FIG. 11 is a clustering analysis of moutan bark samples from different sources based on SSR polymorphism results.

Detailed Description

Preferred embodiments of the present invention will be described in detail below with reference to the accompanying drawings.

Unless otherwise specified, the methods in the examples of the present invention are conventional in the art, and the experimental materials, reagents and equipment in the following examples are commercially available.

Example 1 development of Paeonia suffruticosa bark transcriptome SSR polymorphic primer pairs

1 Total RNA extraction and purification

Digging fresh peony root, cleaning soil, quickly freezing in liquid nitrogen tank, and storing in refrigerator at-80 deg.C.

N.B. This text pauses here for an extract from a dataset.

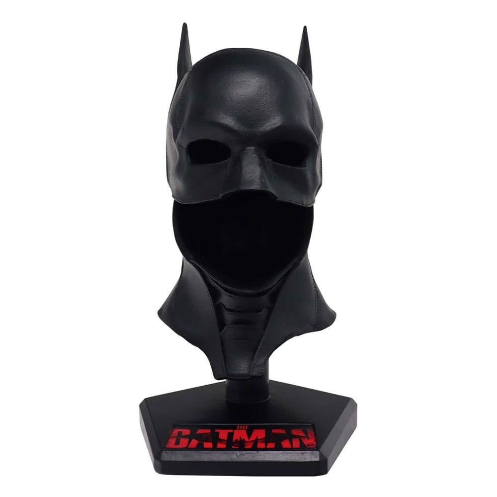 Alucina con esta réplica de la capucha del Batman de Robert Pattinson en “The Batman”, la película de 2022 dirigida por Matt Reeves. Tiene licencia oficial DC y forma parte de una edición limitada a 2022 unidades. Viene con una peana con el logo de la película que inició un nuevo camino para el Caballero Oscuro. Ha sido escaneada directamente de las capuchas originales usadas en la película. Viene en una elegante caja rígida de colores rojo y negro.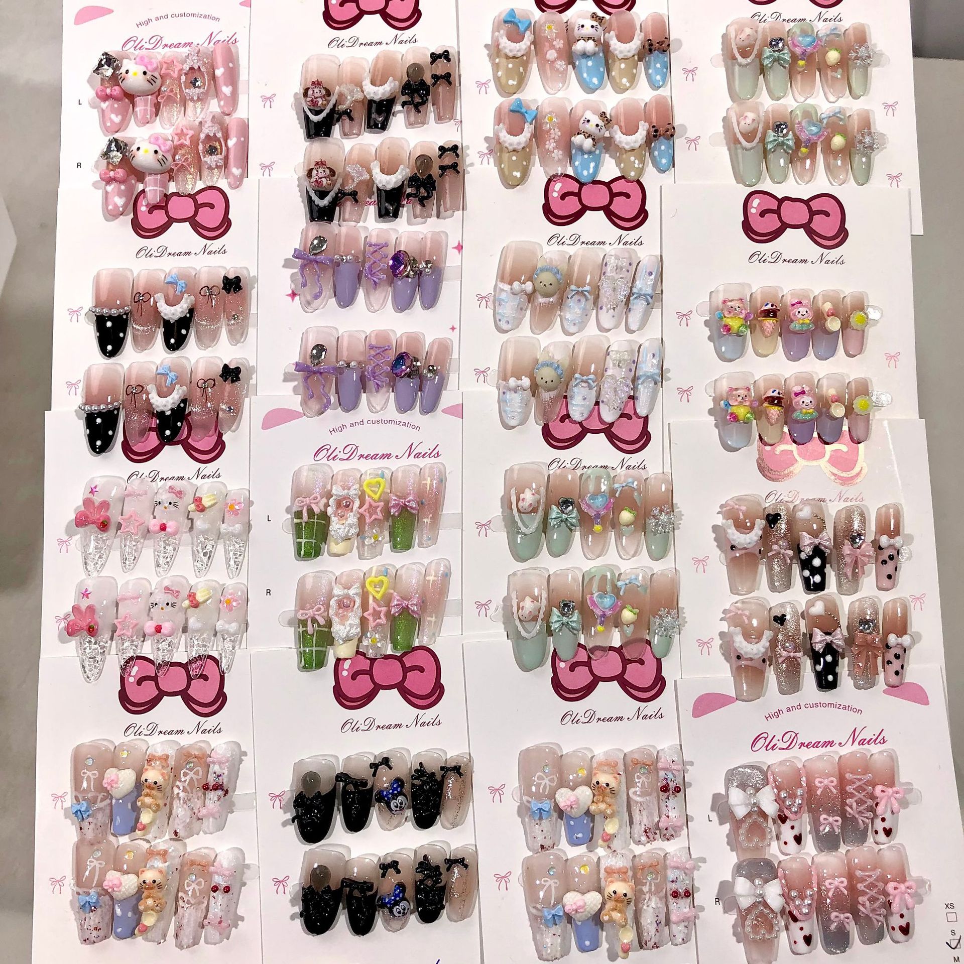 全尺码纯手工穿戴甲短中长直播摆摊批发美甲成品来捡漏

Using RNA extraction kit (Invitrogen) ^TM ，RiboMinus ^TM Plant Kit for RNA-Seq) to extract total RNA of a cortex moutan sample, and detecting the purity, concentration, integrity and the like of the RNA sample by using methods of Nanodrop, qubit2.0 and agent 2100 respectively so as to ensure that qualified samples are used for transcriptome sequencing.

2 library construction

After the sample is detected to be qualified, library construction is carried out according to

Ultra ^TM RNA Library Prep Kit for

The reagents and protocols provided were tested:

(1) Enriching eukaryotic mRNA by magnetic beads with Oligo (dT);

(2) Adding Fragmentation Buffer to randomly break mRNA;

(3) Using mRNA (5. Mu.L) as a template, mixing with hexabasic random primers (1. Mu.L), NEBNext First Strand and Synthesis Reaction Buffer (4. Mu.L), NEBNext First Strand and Synthesis Enzyme Mix (2. Mu.L) and the like, synthesizing a First cDNA Strand by gradient temperature rise, adding reagents such as NEBNext Second Strand and Synthesis Reaction Buffer (10X) (8. Mu.L), NEBNext Second Strand and Synthesis Enzyme Mix (4. Mu.L), water and the like, and synthesizing a Second cDNA Strand by incubation at 16 ℃ for 1 hour, and purifying magnetic bead cDNA using AMPure XP;

(4) Carrying out end repair on the purified double-stranded cDNA, adding A tail and connecting a sequencing joint, and then carrying out fragment size selection by using AMPure XP magnetic beads;

(5) And finally, obtaining a cDNA library through PCR enrichment.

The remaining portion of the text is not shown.